(Extracted data entries)
....
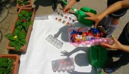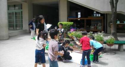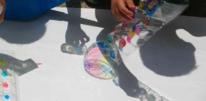 透明プラスチックの容器にセロファンやマジックで色付けをし,太陽の光にかざして,いろいろな影の形や色が浮かび上がる様子を楽しんでいます。映る影を見た後,自分なりの工夫を加えたり,友達の作品と見比べたりしています。
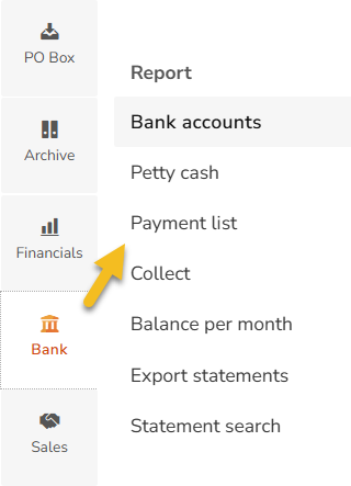 You can find the payment list by going to Bank and then selecting Overview – Payment list from the submenu.
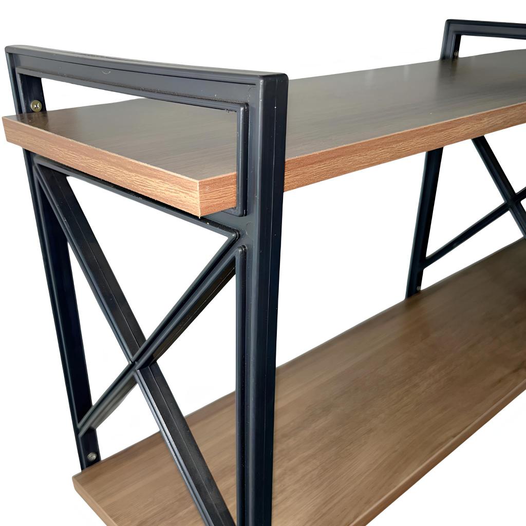 Prateleira X Industrial 2 Níveis 120cm Madeira Amêndoa Suporte Preto
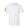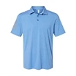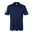 Adidas Floating 3-Stripes Polo ul)6.1 oz./yd2, 100% recycled polyester. True Blue Heather/ Grey Three is 88/12 polyester/elastane. Hydrophilic finish. Self-collar. Three-button placket. 3-stripes heat transfer on right sleeve. Open hem sleeve. UPF 50+ protection. Contrast adidas logo on back neck. This product meets the following Sustainable Style subcategory:Sustainable Materials: contains 100% recycled polyester
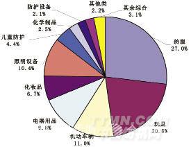 在纺服类产品中,被通报的产品主要集中在童装。2011年共358起,占全部纺服类产品通报总数85.65%。其中对华纺服类通报中,涉及童装的有164起,同比减少31.38%,占纺服类产品通报总数的84.54%。
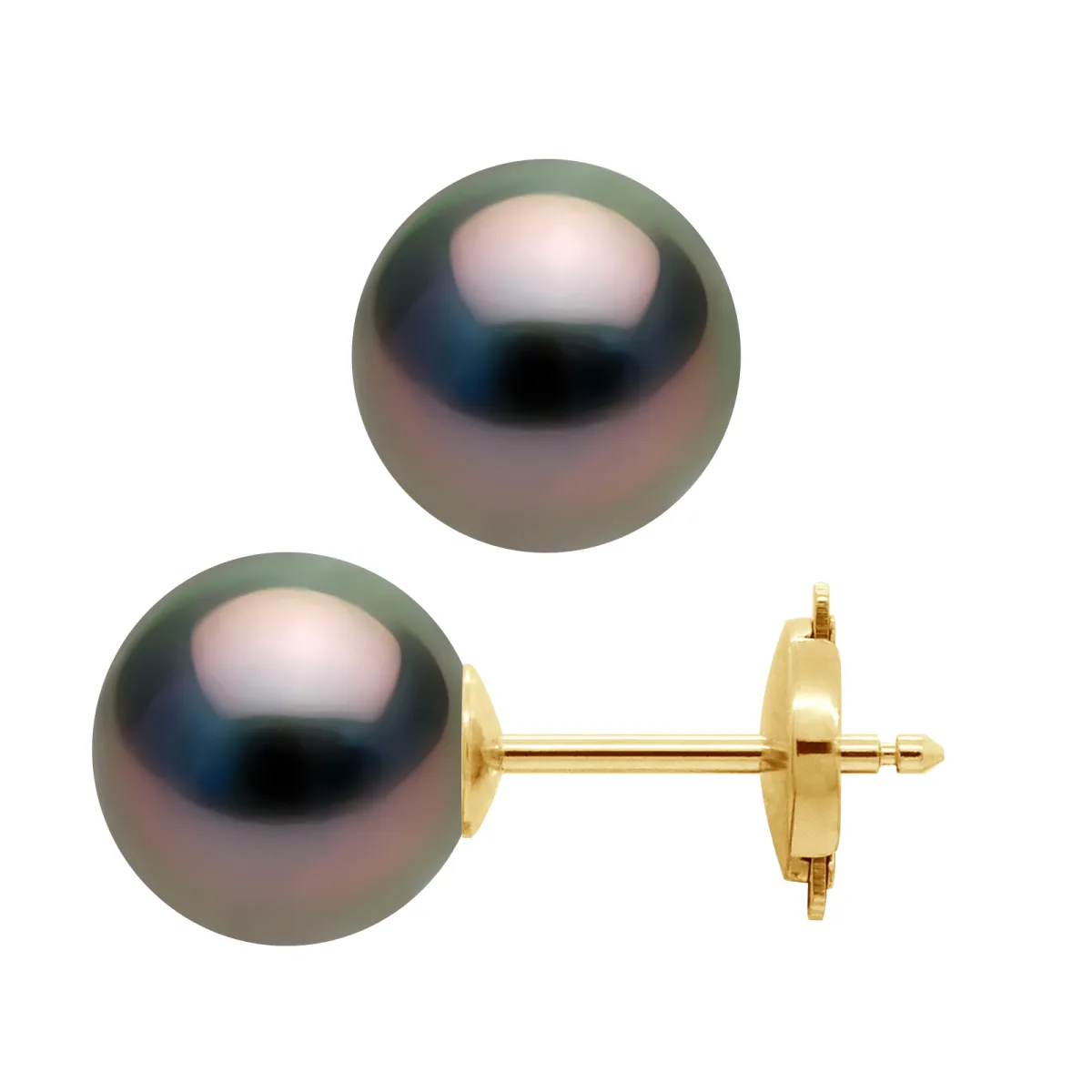 Oorbellen Echte gekweekte parels van Tahiti Ronde 9-10 mm - A + Kwaliteit - Security System Gepatenteerde - Captive-allergeen en 100% - Yellow Gold 375 duizendste - 2 jaar garantie op fabricagefouten - Geleverd in hun presentatie geval met een Certificaat van Echtheid en een internationale garantie - Al onze juwelen zijn gemaakt in Frankrijk.
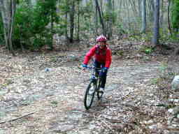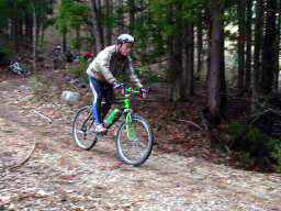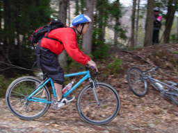 | やって来ました。下りのセクション! 重心移動にブレーキング。前方をよく見て下りましょう! |
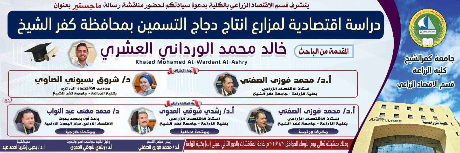 مناقشة ماجستير للطالب خالد محمد العشري بقسم الإقتصاد الزراعي
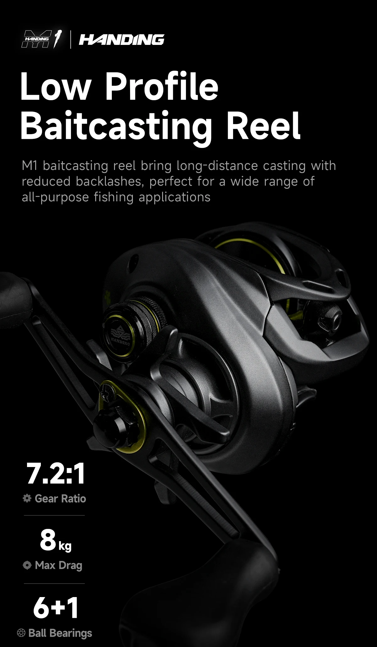 El carrete de baitcasting M1 es ideal para todo tipo de pesca, ya sea en océanos, lagos, embalses, estanques o arroyos. Su fabricación de precisión garantiza un rendimiento exacto.
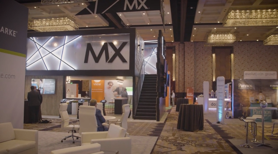 The identity also extended to MX's flagship annual conference, where I created a new event logo and full sub-brand for clients, peers, and investors. A 20×20 double-decker trade show booth followed, directly inspired by MX's corporate offices — black concrete and warm oak translated into a modular, travel-ready environment that felt unmistakably on-brand.
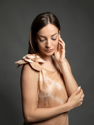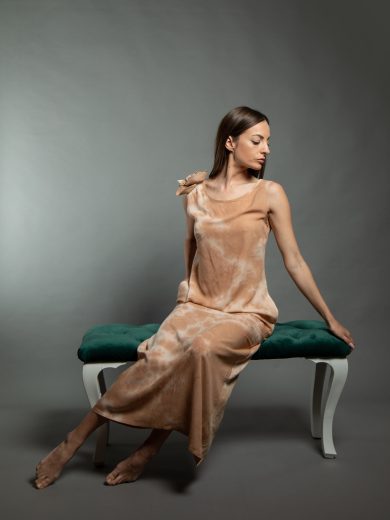 Our dress is available in two sophisticated variants of Orange Fiber:
....
§ **How to complete this task**: Would you copy out, exactly and with no pictures, only the lines above from the one that contains "You can find" through the one that contains "Adidas Floating 3-Stripes"?

§ **Exercise output**:
 You can find the payment list by going to Bank and then selecting Overview – Payment list from the submenu.
 Prateleira X Industrial 2 Níveis 120cm Madeira Amêndoa Suporte Preto
 Adidas Floating 3-Stripes Polo ul)6.1 oz./yd2, 100% recycled polyester. True Blue Heather/ Grey Three is 88/12 polyester/elastane. Hydrophilic finish. Self-collar. Three-button placket. 3-stripes heat transfer on right sleeve. Open hem sleeve. UPF 50+ protection. Contrast adidas logo on back neck. This product meets the following Sustainable Style subcategory:Sustainable Materials: contains 100% recycled polyester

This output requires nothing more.